Data from: The genetic architecture of UV floral patterning in sunflower

Background and Aims: The patterning of floral ultraviolet (UV) pigmentation varies both intra- and interspecifically in sunflowers and many other plant species, impacts pollinator attraction, and can be critical to reproductive success and crop yields. However, the genetic basis for variation in UV patterning is largely unknown. This study examines the genetic architecture for proportional and absolute size of the UV bullseye in Helianthus argophyllus, a close relative of the domesticated sunflower. Methods: A camera modified to capture UV light (320–380 nm) was used to phenotype floral UV patterning in an F2 mapping population, then quantitative trait loci (QTL) were identified using genotyping-by-sequencing and linkage mapping. The ability of these QTL to predict the UV patterning of natural population individuals was also assessed. Key Results: Proportional UV pigmentation is additively controlled by six moderate effect QTL that are predictive of this phenotype in natural populations. In contrast, UV bullseye size is controlled by a single large effect QTL that also controls flowerhead size and co-localizes with a major flowering time QTL in Helianthus. Conclusions: The co-localization of the UV bullseye size QTL, flowerhead size QTL and a previously known flowering time QTL may indicate a single highly pleiotropic locus or several closely linked loci, which could inhibit UV bullseye size from responding to selection without change in correlated characters. The genetic architecture of proportional UV pigmentation is relatively simple and different from that of UV bullseye size, and so should be able to respond to natural or artificial selection independently.

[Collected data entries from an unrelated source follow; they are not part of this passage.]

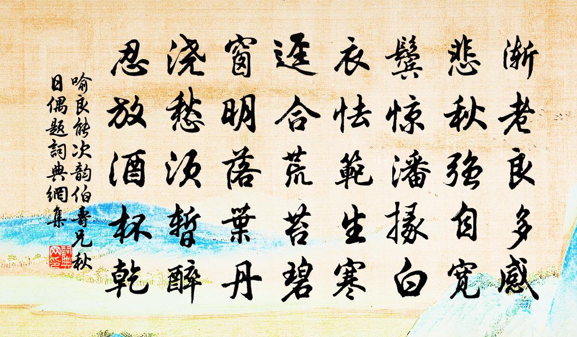 詩詞名句歷史字典書法欣賞書法字典國語詞典說文解字康熙字典古漢語字典標 題 作 者 詩 句 次韻伯壽兄秋日偶題作者:喻良能 朝代:宋代次韻伯壽兄秋日偶題原文漸老良多感,悲秋強自寬。鬢驚潘掾白,衣怯范生寒。逕合荒苔碧,窗明落葉丹。澆愁須暫醉,忍放酒杯乾。詩詞問答問:次韻伯壽兄秋日偶題的作者是誰?答:喻良能問:次韻伯壽兄秋日偶題寫於哪個朝代?答:宋代喻良能次韻伯壽兄秋日偶題書法欣賞次韻伯壽兄秋日偶題書法作品詩詞推薦挽陳菊坡樞密二首陳著〔宋代〕家學淵源遠,公今德行科。一純光白璧,重望壓頹波。職業居朝久,文章八石多。平生何所似,霜菊在秋坡。溪上野人家釋文珦〔宋代〕隔水兩三家,荊扉帶郭斜。春風喧燕雀,時雨足桑麻。翁媼皆垂白,衣冠不尚華。烏蓬船一隻,出入渡頭沙。於忽操王令〔宋代〕於忽乎,不可以為,其又奚為。謂雞斯飛,誰得而羈。謂豕斯突,何取於縛。是皆以食而得之,吾方飢而噫。雞兮臨江仙晁補之〔宋代〕自古齊山重九勝,登臨夢想依依。偶來恰值菊花時。難逢開口笑,須插滿頭歸。昨夜一江風色好,平明秋浦帆飛。癸卯與宋堯夫集於豫章之貢院既別堯夫就親南曾豐〔宋代〕吾人同醉豫章春,別後惟君日日新。家據東床官北關,腰錢騎鶴更何人。泛舟至蜻蜓浦小泊漁村陸游〔宋代〕醉泛蜻蜓浦,咿啞一櫓聲。陂塘秋水瘦,墟落暮煙生。野店曾留醉,樵翁不記名。相逢雖惘惘,懹抱已先傾。劉九法曹鄭瑕邱石門宴集杜甫〔唐代〕秋水清無底,蕭然靜客心。椽曹乘逸興,鞍馬到荒林。能吏逢聊璧,華筵直一金。晚來橫吹好,泓下亦龍吟。巫峽敝廬奉贈侍御四舅別之澧朗杜甫〔唐代〕江城秋日落,山鬼閉門中。行李淹吾舅,誅茅問老翁。赤眉猶世亂,青眼只途窮。傳語桃源客,人今出處同。次韻良佐陶夢桂〔宋代〕回也逍遙只寓言,參乎三省道真傳。明知榮悴何由我,誰道修為亦屬天。朝市山林皆寄耳,簡編燈火故依然。窮年病中絕句范成大〔宋代〕溽暑薰天地湧泉,變跧避濕掛行纏。出門斟酌無忙事,睡過黃梅細雨天。寄虞大卿四首姜特立〔宋代〕昔年寓郡獲親依,句妙時時得解頤。每過雙溪溪上路,邦人猶誦使君詩。獨酌李白〔唐代〕春草如有意,羅生玉堂陰。東風吹愁來,白髮坐相侵。獨酌勸孤影,閒歌面芳林。長松爾何知,蕭瑟為誰吟。手舞游僊陸游〔宋代〕玄圃春風賜宴時,雙成獨奏玉參差。侍晨飲釂虛皇喜,一段龍綃索進詩。香港感懷十首黃遵憲〔清代〕彈指樓台現,飛來何處峰?為誰劉黎藋,遍地出蕪蓉。方丈三神地,諸侯百里封。居然成重鎮,高壘矗狼烽。約劉良叔觀苔梅方岳〔宋代〕水曹為骨逋為髓,風雪灞橋誰共看。千里夢回歸路遠,一枝春占暮江寒。飛飛兩片猶堪醉,點點晴香亦帶酸。雙玉次韻再答少蘊知府甥和四兄長句並見寄二首晃沖之〔宋代〕錦袍昔是詩成得,別墅今非棋賭來。山蔚藍光交抱舍,水桃花色合圍台。通人竹塢深深入,謝客松扉遠遠開。定與江行夜泊李中〔唐代〕扁舟倦行役,寂寂宿江乾。半夜風雷過,一天星斗寒。潮平沙觜沒,霜苦雁聲殘。漁父何疏逸,扣舷歌未闌。新春葉茵〔宋代〕老來分外喜新春,春事關心世事輕。棋肯輸時方是著,路疑險處不須行。雨催農業鳩夫婦,風帶邊聲雁弟兄。辦得長相思(探梅摘歸)呂勝己〔宋代〕冒寒吹。訪瓊姬。行到青山遇玉肌。凝 * 待誰。山疏籬。手同攜。踏月隨香清夜歸。乘歡撥凍醅。閭丘醫視脈曰老人之脈如小春有感樓鑰〔宋代〕老去光陰似小春,如何比得少年人。君看桃李秋風后,縱有花開不是真。名句推薦花漸凋疏不耐風,畫簾垂地晚重工,墮階縈蘚舞愁紅孫光憲《浣溪沙·花漸凋疏不耐風》 方慚不耕者,祿食出閭里。韋應物《觀田家》 鴛鴦密語同傾蓋,且莫與、浣紗人說。張炎《疏影·詠荷葉》 起來無語理朝妝,寶匣鏡凝光顧敻《虞美人·觸簾風送景陽鍾》 欲將輕騎逐,大雪滿弓刀。盧綸《和張僕射塞下曲·其三》 酒逢知己千杯少,話不投機半句多歐陽修《春日西湖寄謝法曹韻》 胭脂雪瘦熏沉水,翡翠盤高走夜光。蔡松年《鷓鴣天·賞荷》 曲終過盡松陵路,回首煙波十四橋。姜夔《過垂虹》 為高必因丘陵,為下必因川澤。孟子《孟子·離婁章句上·第一節》 迢遞嵩高下,歸來且閉關。王維《歸嵩山作》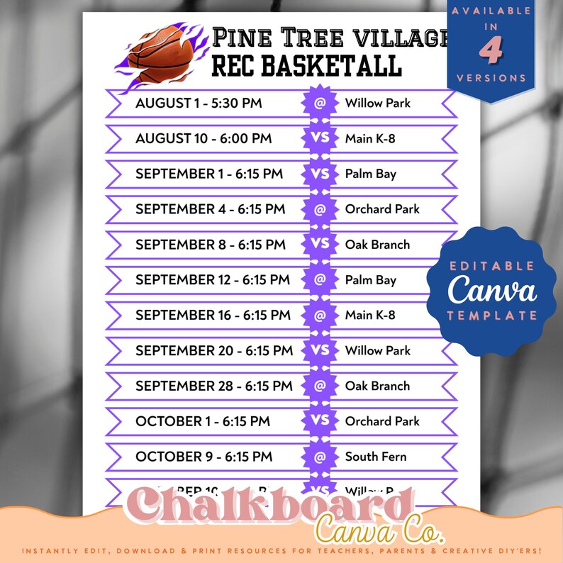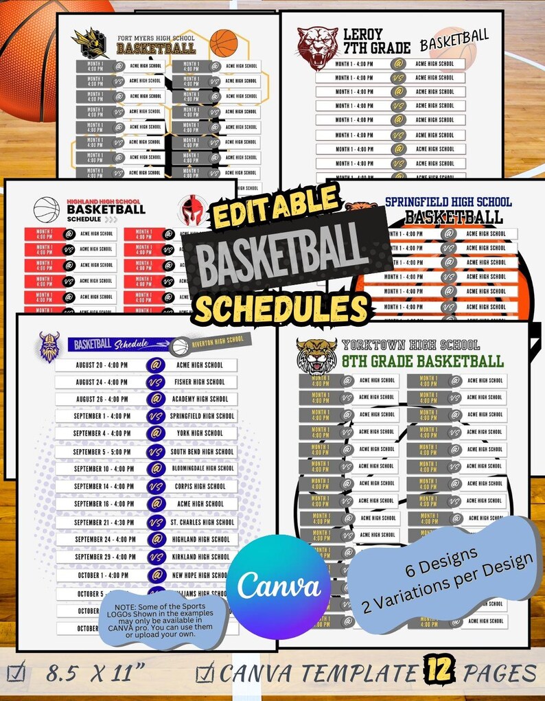 Editable Basketball Schedule CANVA Template | 6 Designs, 2 Variations ...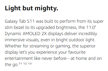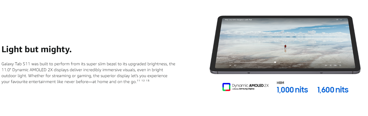 • Built to perform: Galaxy Tab S11’s 11.0" Dynamic AMOLED 2X displays feature super slim bezels and upgraded brightness, for incredibly immersive visuals whether streaming or gaming; Your favourite entertainment even in bright outdoor light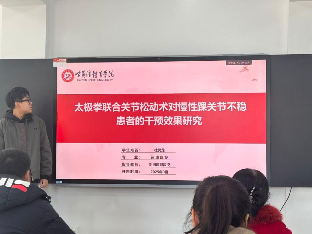 杜昊龙同学开题《太极拳联合关节松动术对慢性踝关节不稳患者的干预效果研究》,系统梳理致病原因及研究现状,旨在验证联合干预的有效性,比较其对踝关节功能、动态平衡等指标的影响。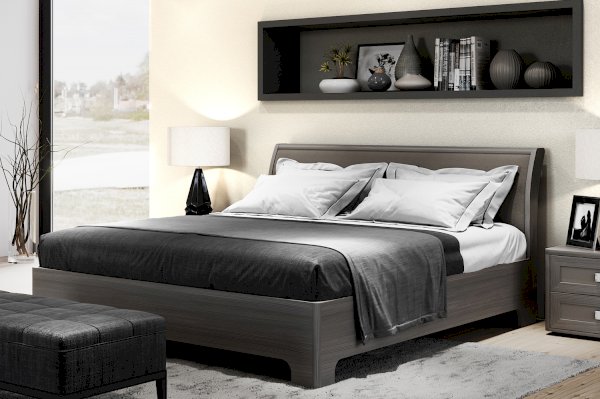 Кровать в современном стиле доступна к покупке в двух цветофактурных исполнениях: «лиственница темная» + экокожа «дила», «ясень анкор светлый» + экокожа «polo белая». Оба исполнения находятся на пике популярности и непременно украсят ваш интерьер.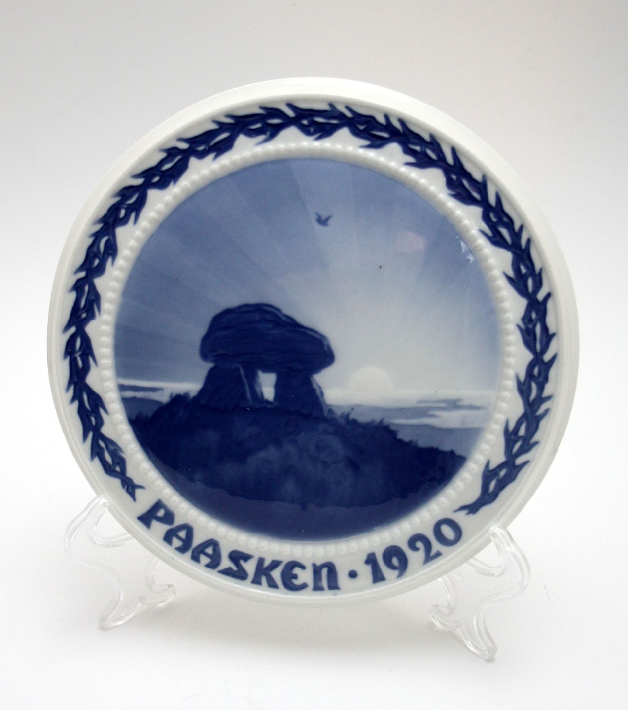 Bing & Grøndahl, Påskeplatte 1919. "Kæmpegrav". Designet af Johannes Achton Friis. Diameter 18,5 cm. Pris: 200 kr. stk. Lager: 1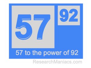Note that 57 to the power of 92 is the same as 57 raised to 92. In xy, 57 is the base (x) and 92 is the exponent (y). Therefore, you can also write the problem and the answer as follows:
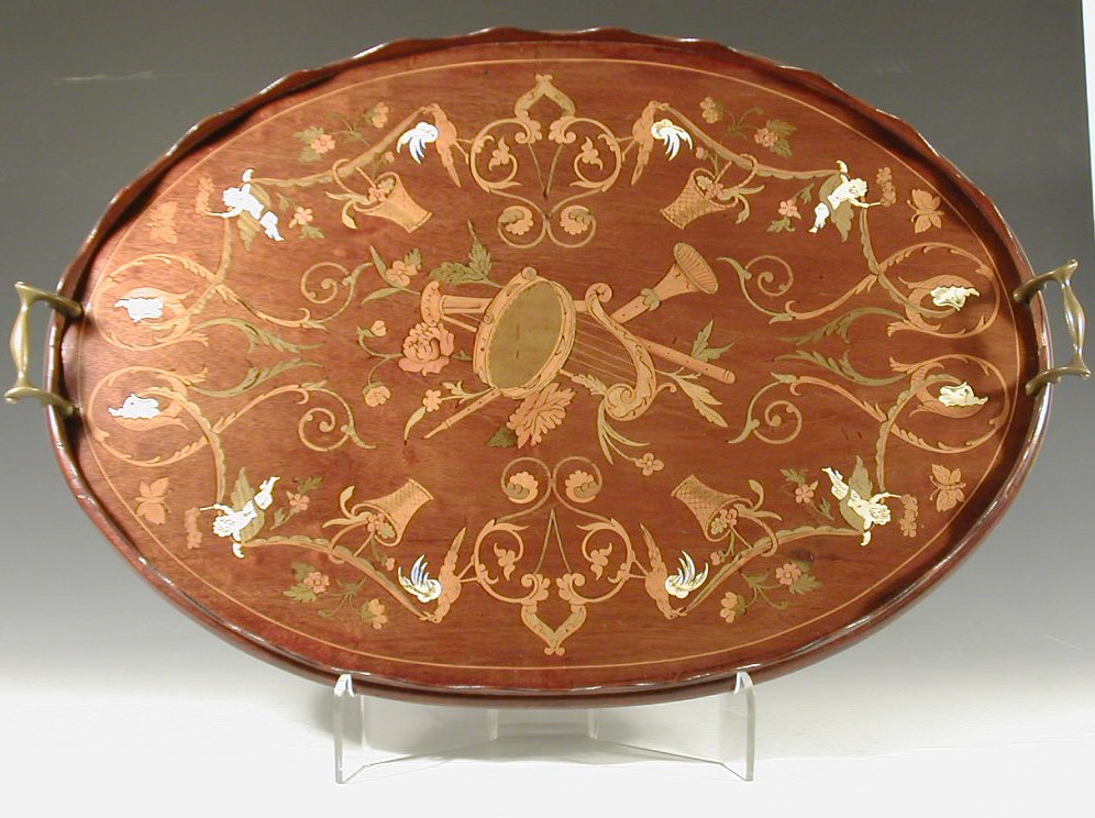 the wavy gallery enclosing an oval with satinwood, stained wood and ivory depicting bold acanthus scrolls, putto all centering on a trophy of musical instruments, brass side handles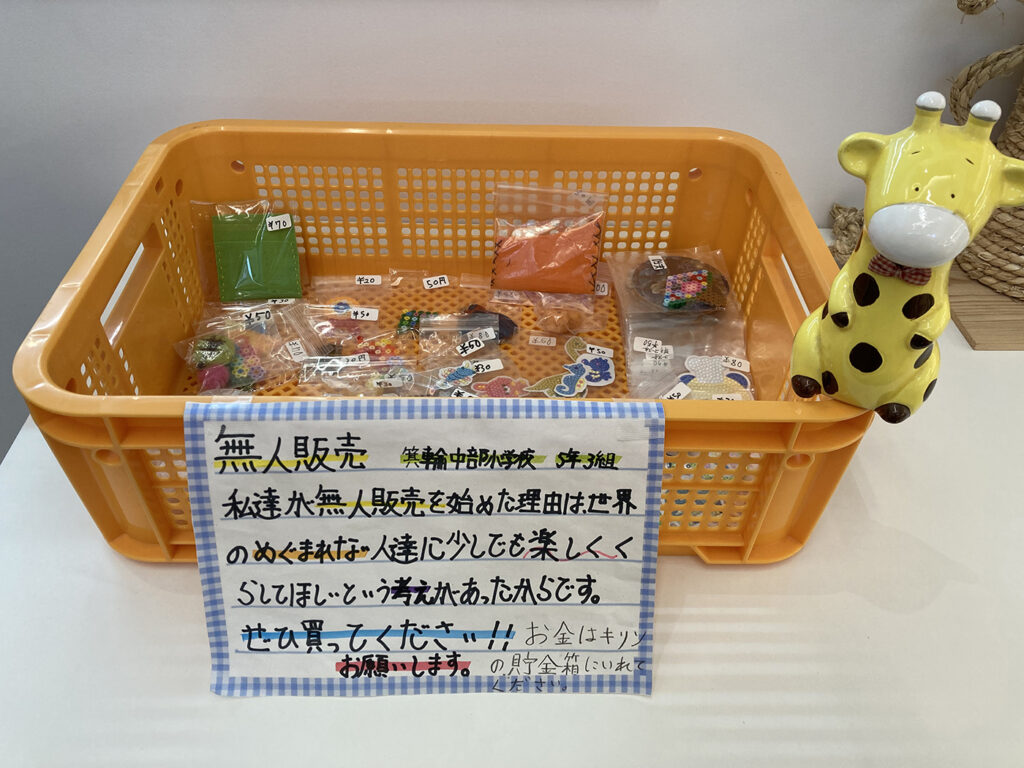 ユニセフ寄付のお願い 新着情報 このたび、箕輪中部小学校 5年3組の児童の皆さんが心をこめて制作した作品を販売いたします。作品は1点20円 ~ 200円でお買い求めいただけます。売上金はすべて、ユニセフを通じて世界の子供たちへの支援として寄付いたします。児童の皆さんの学びと想いのこもった取り組みに、あたたかいご支援・ご協力をお願いいたします。 作品設置場所 みのわBASE 1F 受付カウンター前設置期間 作品完売時に終了(おおむね 2026年1月末位までを予定しております) Share: Older Post 哲学cafe 参加者募集 Newer Post クラフトテープ手作り体験会(大人向け)

研究背景与目的：向日葵及诸多其他植物类群中，花的紫外（UV）色素斑纹模式存在种内与种间变异。该变异可影响传粉者的访花行为，对植物繁殖成功率与作物产量至关重要，但目前学界对紫外花纹变异的遗传基础仍缺乏系统认知。本研究以栽培向日葵的近缘物种银叶向日葵（Helianthus argophyllus）为材料，解析其紫外靶斑（UV bullseye）的相对面积与绝对大小的遗传架构。 研究方法：使用经改装、可捕获320–380 nm紫外光的相机，对F2作图群体的花部紫外花纹进行表型分型；随后通过测序分型（genotyping-by-sequencing）与连锁作图技术，定位数量性状位点（quantitative trait locus，QTL）。此外，本研究还评估了上述QTL对自然种群个体紫外花纹表型的预测能力。 主要结果：花紫外色素相对面积受6个效应中等的QTL加性调控，且该组QTL可有效预测自然种群中的该表型。与之相对，紫外靶斑的绝对大小仅受1个大效应QTL控制，该QTL同时调控头状花序大小，并与向日葵属中已报道的主要开花时间QTL共定位。 研究结论：紫外靶斑大小QTL、头状花序大小QTL与既往报道的开花时间QTL三者共定位，提示其可能为单个具有高度多效性的基因位点，或是数个紧密连锁的基因位点；该现象意味着，若不改变相关联性状，则无法通过选择作用调控紫外靶斑的大小。而花紫外色素相对面积的遗传架构相对简洁，且与紫外靶斑大小的遗传机制存在显著差异，因此其可独立响应自然选择或人工选择。